Current supernova samples cannot robustly determine directions of Hubble constant anisotropy.

A machine-rendered reading of the paper's core claim, the machinery that carries it, and where it could break.

This paper applies Region Fitting and Hemisphere Comparison methods to the Pantheon+ database and a smaller Carnegie Supernova Project sample to test for directional variations in the Hubble constant. Using MCMC sampling over 2000 directions, the analysis shows that apparent anisotropy directions arise from statistical fluctuations tied to uneven sky coverage and the way H0 is extracted from supernova light curves. The same limitation appears in both datasets, explaining contradictory results in earlier studies.
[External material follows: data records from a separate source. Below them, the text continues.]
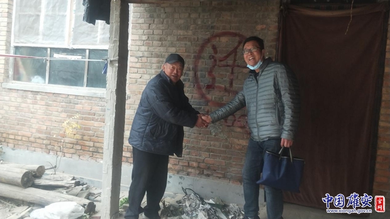 一位征迁村村民的房屋刚刚被喷上“迁”字,他紧紧地握着征迁工作人员的手,表示支持新区征迁工作。中国雄安官网发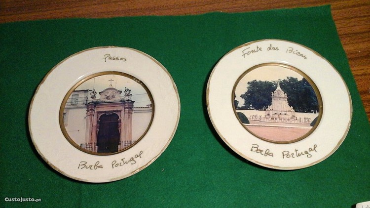 Par de pratos de Borba um com a Fonte das Bicas outro com os Passos, em estado impecável. diam 16 cm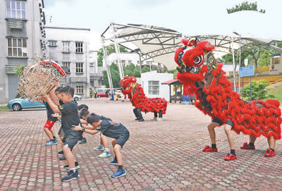 马来西亚中小学生在马来亚大学醒狮团组织的培训课上练习舞狮。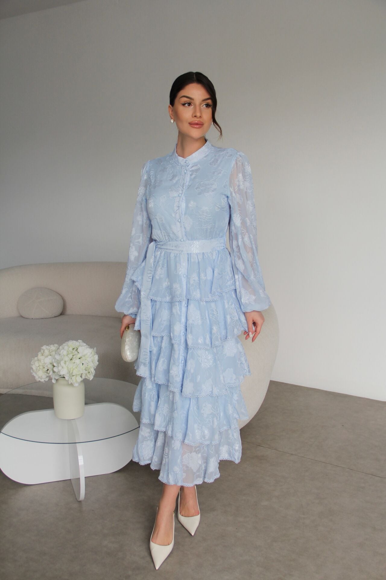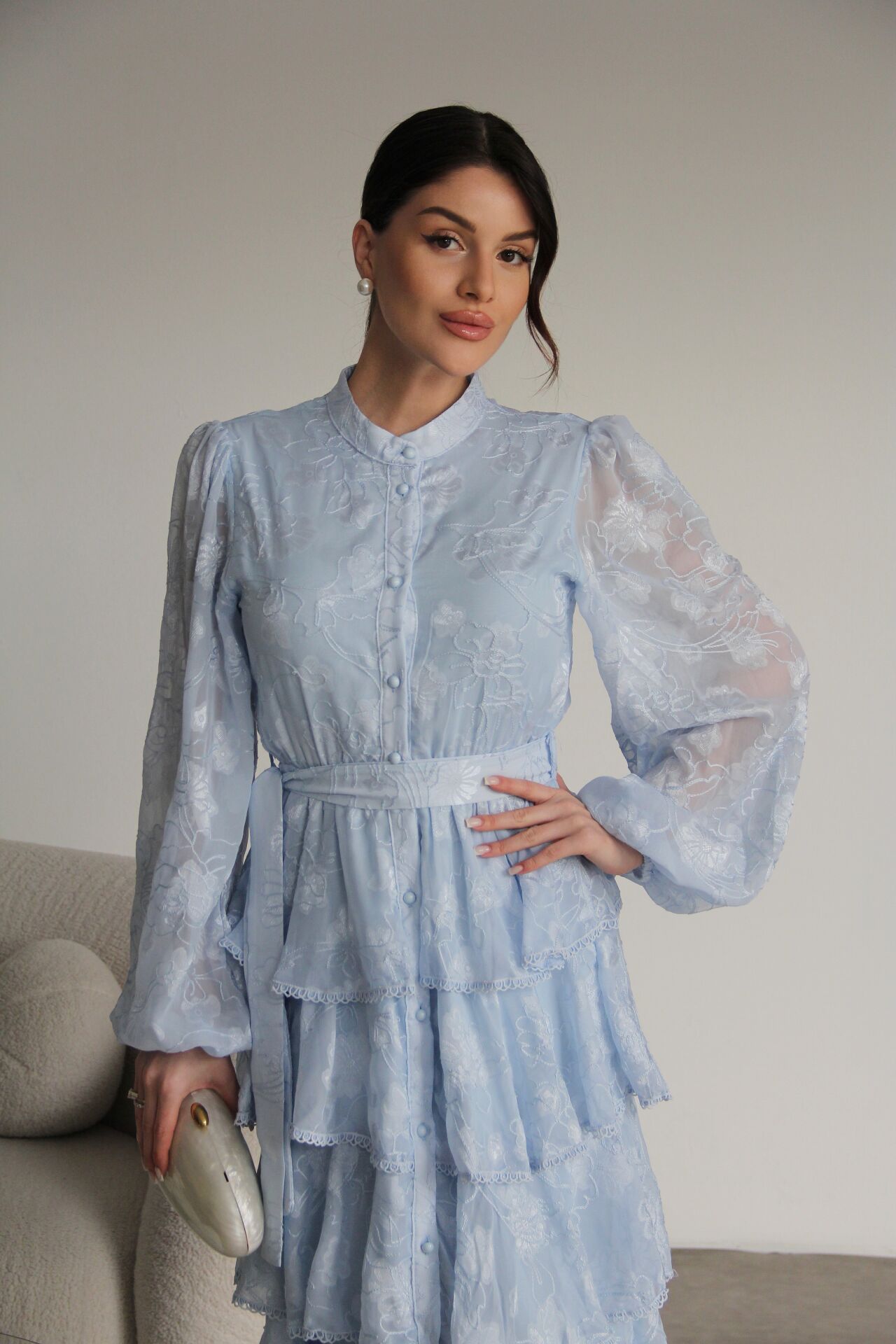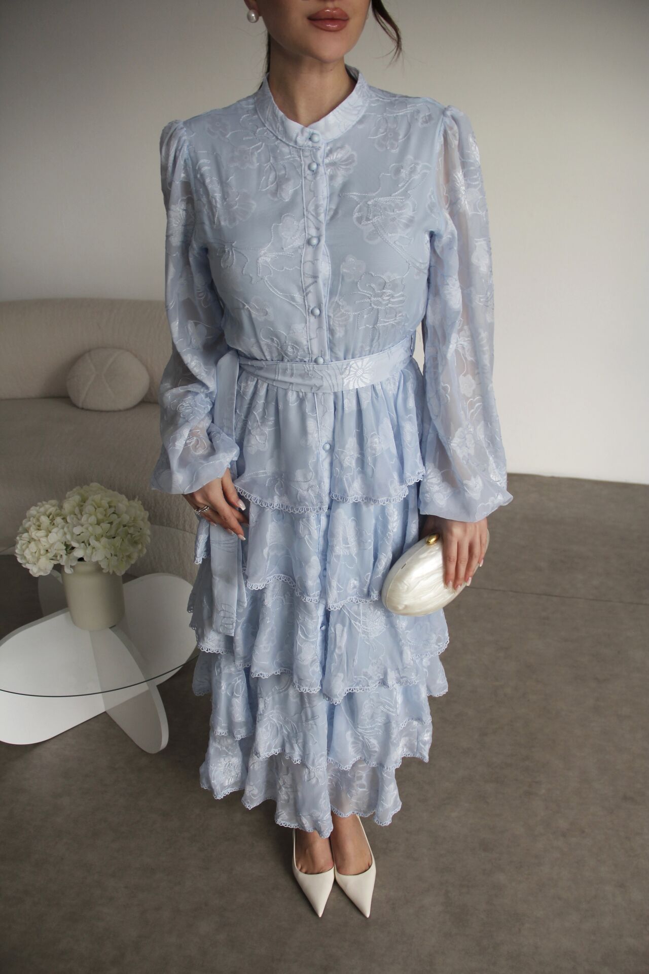 - - Boydan Düğmeli Nakışlı Kuşaklı Beli Lastik Detaylı Kat Kat Premium Tasarım Elbise.; Elbise Boyu:130cm(Ortalama), Kumaş Bilgisi:%100 Polyester.; Boydan düğmeli tasarımı ile şık ve modern bir görünüm sunar.; - Nakış detayları, elbiseye zarif bir dokunuş katarken, kuşaklı yapısıyla belinizi vurgular.; - Beli lastik detaylı olması sayesinde rahat bir kullanım sağlar ve farklı vücut tiplerine uyum gösterir.; - İnce kumaşı ile hafif ve konforlu bir deneyim sunar, mevsim geçişlerinde idealdir.; - Hakim yaka tasarımı, sofistike bir hava katar ve günlük kullanım için uygundur.; - Tüm sezonlar için uygun olan bu elbise, gardırobunuzun vazgeçilmez parçası olmaya adaydır.;Zarif hakim yaka tasarımı ile dikkat çeken bu elbise, her ortamda şıklığınızı ön plana çıkarır.; - Çiçekli deseniyle canlı ve enerjik bir görünüm sunan mavi renk seçeneği, gardırobunuzun vazgeçilmezi olacak.; - Midi boyu ile hem rahatlık hem de zarafeti bir arada sunan bu elbise, günlük kullanım için idealdir.; - İç göstermeyen ince dokuma kumaşı sayesinde rahat bir kullanım sağlar ve şık bir siluet oluşturur.; - Slim kalıbı ile vücut hatlarınıza mükemmel uyum sağlarken, A-line kesimi feminen bir duruş kazandırır.; - Full düğme kapama detayı ve kuşaklı tasarımı ile kolayca kişiselleştirilebilir bir stil sunar.; - Kolsuz ve uzun kol boyu kombinasyonu, mevsim geçişlerinde bile rahatlıkla tercih edilebilmesini sağlar.; - Astarlı yapısı ile konforlu bir kullanım sunarken, şifon dokuma tipi hafifliğiyle hareket özgürlüğü sağlar.; - Sürdürülebilirlik detayı ile çevre dostu bir tercih yapmanızı sağlar.; - Kuru temizleme talimatına uygun olması, uzun süreli kullanım için idealdir.; - Yetişkin kadınlar için tasarlanmış bu elbise, cool & comfort persona ile günlük şıklığınızı tamamlar.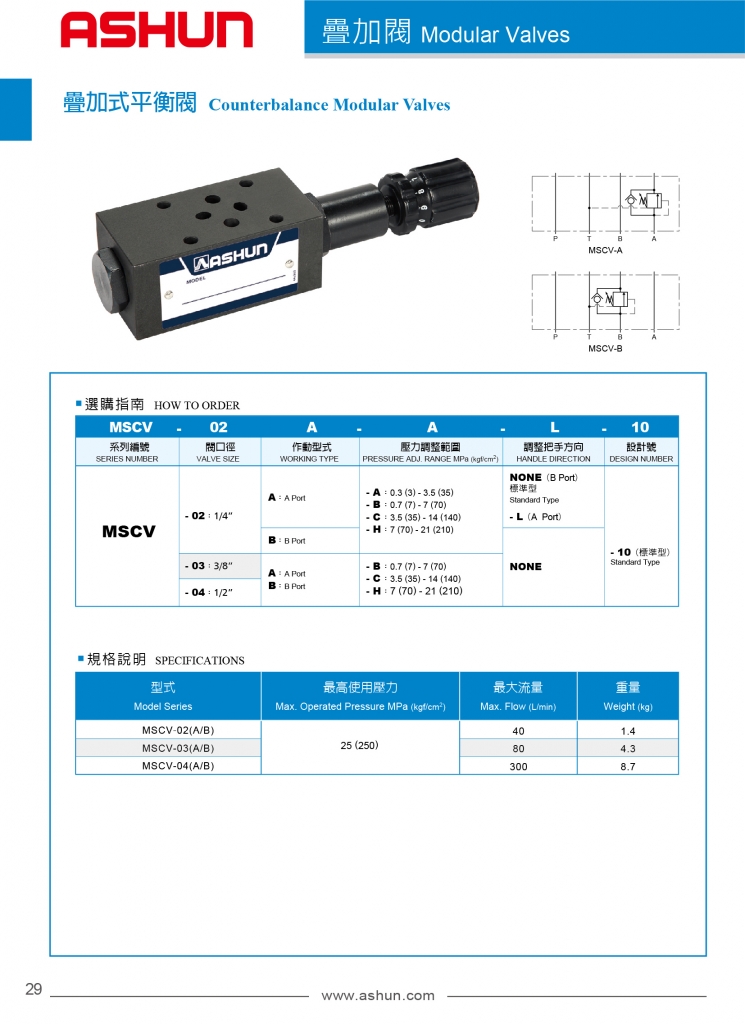ASHUN疊加式平衡閥常規(guī)型號參考:MSCV-02A-A-10 , MSCV-02A-A-L-10 , MSCV-02A-B-10 , MSCV-02A-B-L-10 , MSCV-02A-C-10 , MSCV-02A-C-L-10 , MSCV-02A-H-10 , MSCV-02A-H-L-10 , MSCV-02B-A-10 , MSCV-02B-A-L-10 , MSCV-02B-B-10 , MSCV-02B-B-L-10 , MSCV-02B-C-10 , MSCV-02B-C-L-10 , MSCV-02B-H-10 , MSCV-02B-H-L-10 , MSCV-03A-B-10 , MSCV-03A-C-10 , MSCV-03A-H-10 , MSCV-03B-B-10 , MSCV-03B-C-10 , MSCV-03B-H-10 , MSCV-04A-B-10 , MSCV-04A-C-10 , MSCV-04A-H-10 , MSCV-04B-B-10 , MSCV-04B-C-10 , MSCV-04B-H-10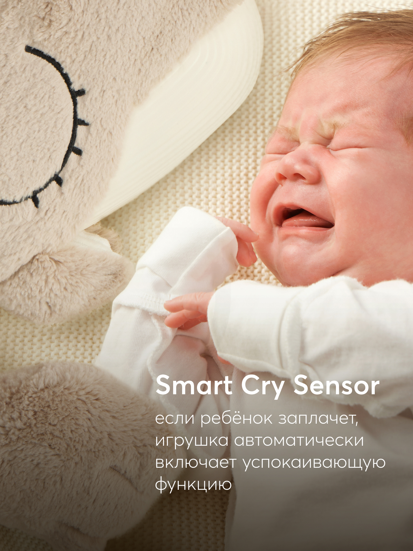 • Встроенный датчик детского плача Smart Cry Sensor - если малыш заплачет, Уолли успокоит его мягким постукиванием плавником, включит мягкий динамический свет и активизирует мелодию с «белым шумом», помогая ребенку уснуть.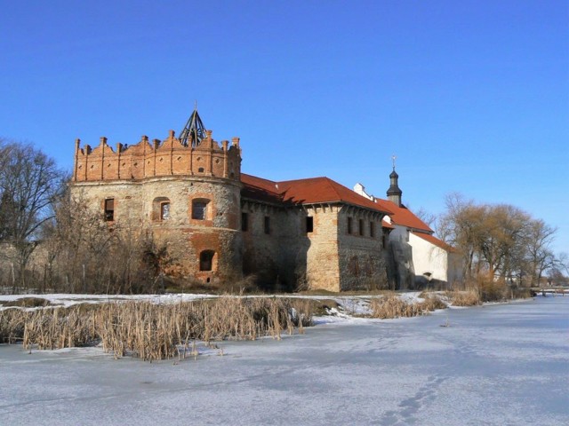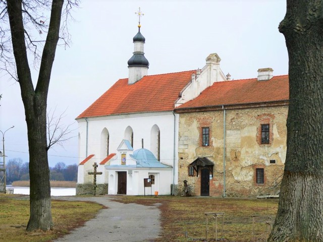Замкова церква Святої Трійці, яка виконувала оборонні функції, відреставрована (належить Православній церкві України). Всередині збереглася частина фресок XVI століття, зокрема первісний герб князя Василя-Костянтина Острозького: восьмикінцева зірка, охоплена знизу півмісяцем.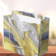 Sacola Para Presentes Grande Cinza Amarela Luxury Efeito Marble Dourado Natal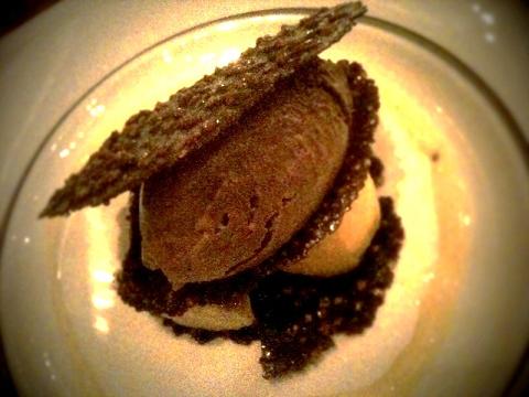 チョコレートとバナナのミルフィーユ マンゴーソルベと共に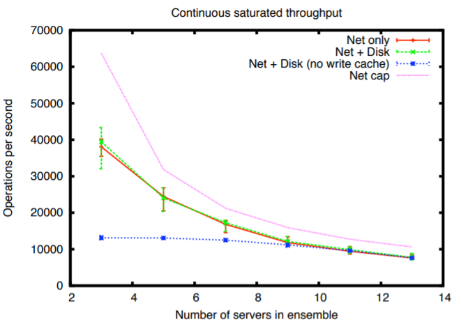 ディスク書き込みキャッシュをオフにすると Zab は I/O バウンドとなり、スループットはサーバ数に対してほぼ一定となる。7 台以上のサーバではトランザクションがディスクに記録されるときに同一ネットワークのみにボトルネックが存在するため、サーバ数が増えるとスループットが低下してしまう。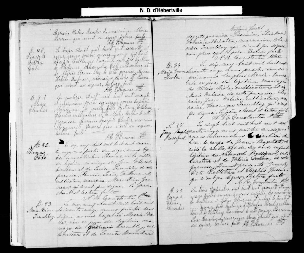 - Cette série regroupe les registres originaux de l'état civil, lesquels contiennent les enregistrements de baptêmes, de mariages et de sépultures consignés par le curé ou son représentant au cours de la période concernée par les documents.Outre les renseignements à caractère généalogique que nous pouvons y puiser, cette série peut constituer une source documentaire importante pour toute étude-statistique ou comparative sur les conditions de vie à différentes époques (mortalité infantile, espérance de vie) ou pour toute recherche portant sur l'occupation des terres (lieu de résidence), sur le mode vie (métiers et professions, statut et âge des époux), sur les classes sociales (titres des parties impliquées, témoins/amis/parents présents lors du mariage), sur des événements spéciaux (quelques mentions dans les sépultures) et sur des sujets à incidence médicale tels les maladies héréditaires (cause du décès)
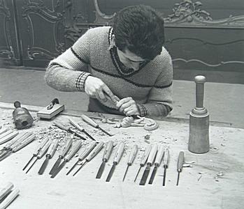 Restaurateur aan het werk met houtsnede voor het …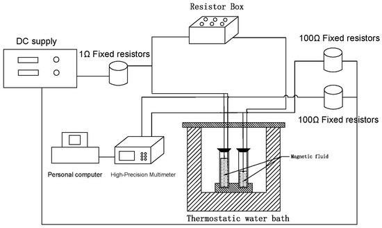 The thermal conductivity of the water–Fe3O4 magnetic fluid was measured using a transient hot-wire technique. An experimental setup, depicted schematically in Figure 5, was developed for this purpose. The setup consisted of a hot wire, a magnetic fluid container, a power source, a Wheatstone’s bridge, a data acquisition system, and a constant-temperature bath. A platinum wire with a length of 0.65 cm and a diameter of 0.2 mm, insulated with Teflon, served as the hot wire.
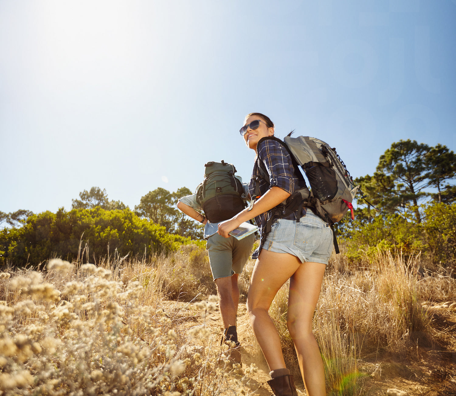 Young people doing a uphill climb while hiking in countryside. Woman with map looking back over her shoulder smiling with man walking in front. Couple on hiking trip.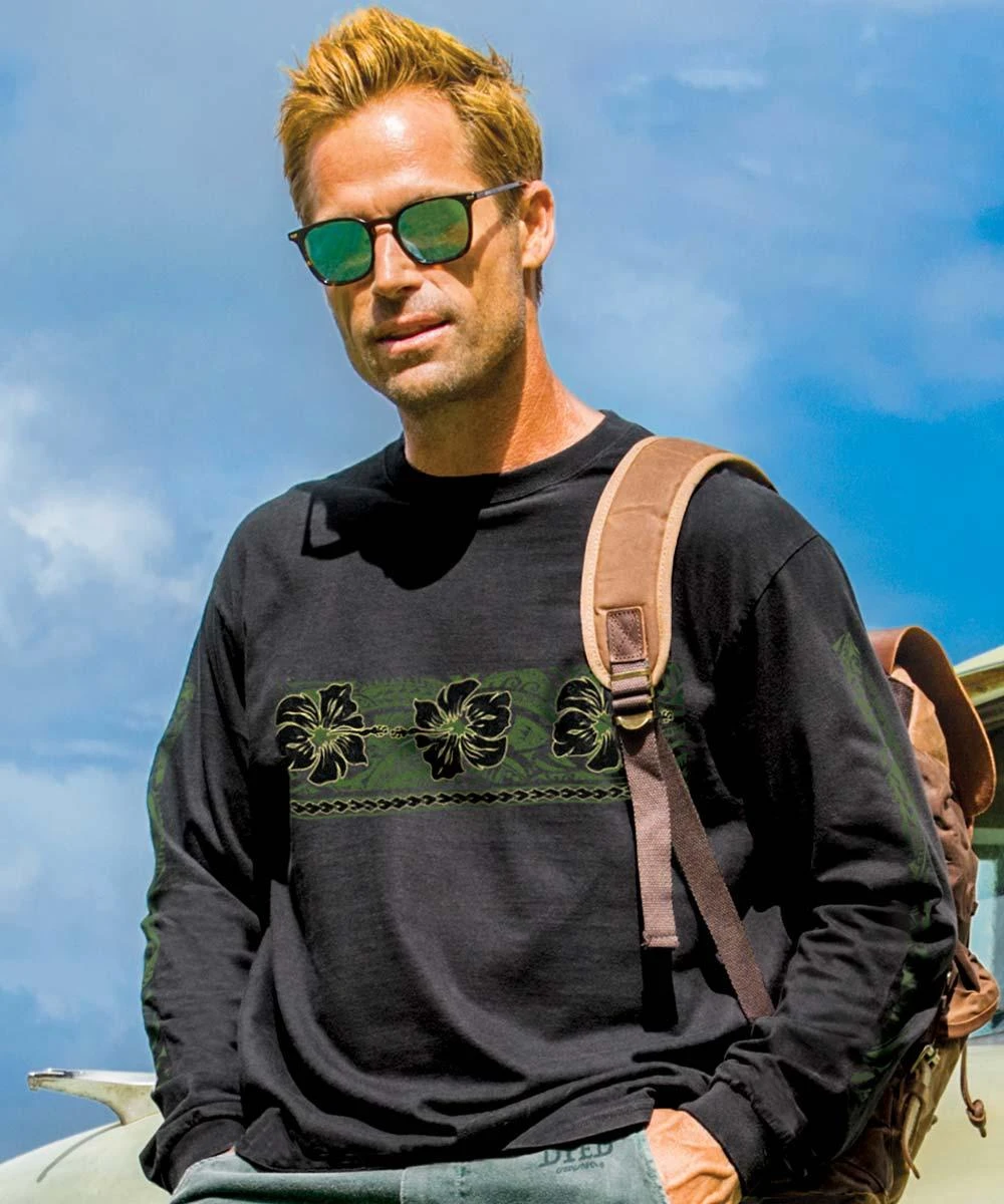 Usually you see hibiscus flowers portrayed in bright colors but seeing them in black gives them an even more powerful feeling. Placed on a classic linear band, they create a stunning tableau that brings elegance and mystery to your island style. Made from 100% cotton that is ring-spun then combed to remove impurities, this fabric is luxuriously soft and lightweight yet incredibly strong. We only use environmentally friendly water-based inks that penetrate the material’s fiber resulting in more vibrant colors, softer feel and artwork that doesn’t crack or peel. Plus, it is proudly printed in the United States for quality you can see and designs that stand the test of time.
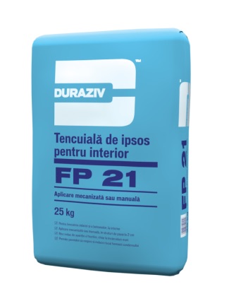 Domeniu de aplicare: DURAZIV FP 20 este o tencuială pe bază de ipsos și var, pentru aplicare la interior, tip B3/50/2, conform standardului SR EN 13279-1:2009 (Timp de priză iniţial (timp de lucrabilitate) cca. 90 min; Timp de uscare cca. 24 ore/10 mm grosime; Acoperiri ulterioare dupa 48 ore; Rezistență la temperatură -30°C … +70°C. Clasa de rezistență la foc A1 – incombustibil. Aderență la beton ≥ 0,1 N/mm2.). Aplicabil mecanizat sau manual, în straturi de 2-20 mm, peste următoarele suprafeţe:

A sympathetic reader cares because this bears on whether the universe is isotropic at large scales and whether current data can settle the question.

Core claim

Within the tests used here, the Region Fitting method and the Hemisphere Comparison method, one can not determine with robustness the direction of an anisotropy of H0 using the present SNe Ia large data samples. This is intrinsic to the way H0 is obtained with the SN Ia lightcurve method. Achieving robust constraints will require a quite uniform sky coverage from larger SNe Ia samples with improved systematics.

What carries the argument

Region Fitting and Hemisphere Comparison methods, which compare H0 values across sky patches of 60 or 90 degrees via MCMC sampling over many directions, to probe isotropy while limited by data distribution and lightcurve-derived uncertainties.

If this is right

  • Apparent anisotropy directions vary across samples and methods because of statistical fluctuations from current sky coverage.
  • The intrinsic limit prevents robust directional claims for H0 with existing large SNe Ia databases.
  • Larger samples with improved systematics and uniform coverage are required to place reliable constraints on isotropy.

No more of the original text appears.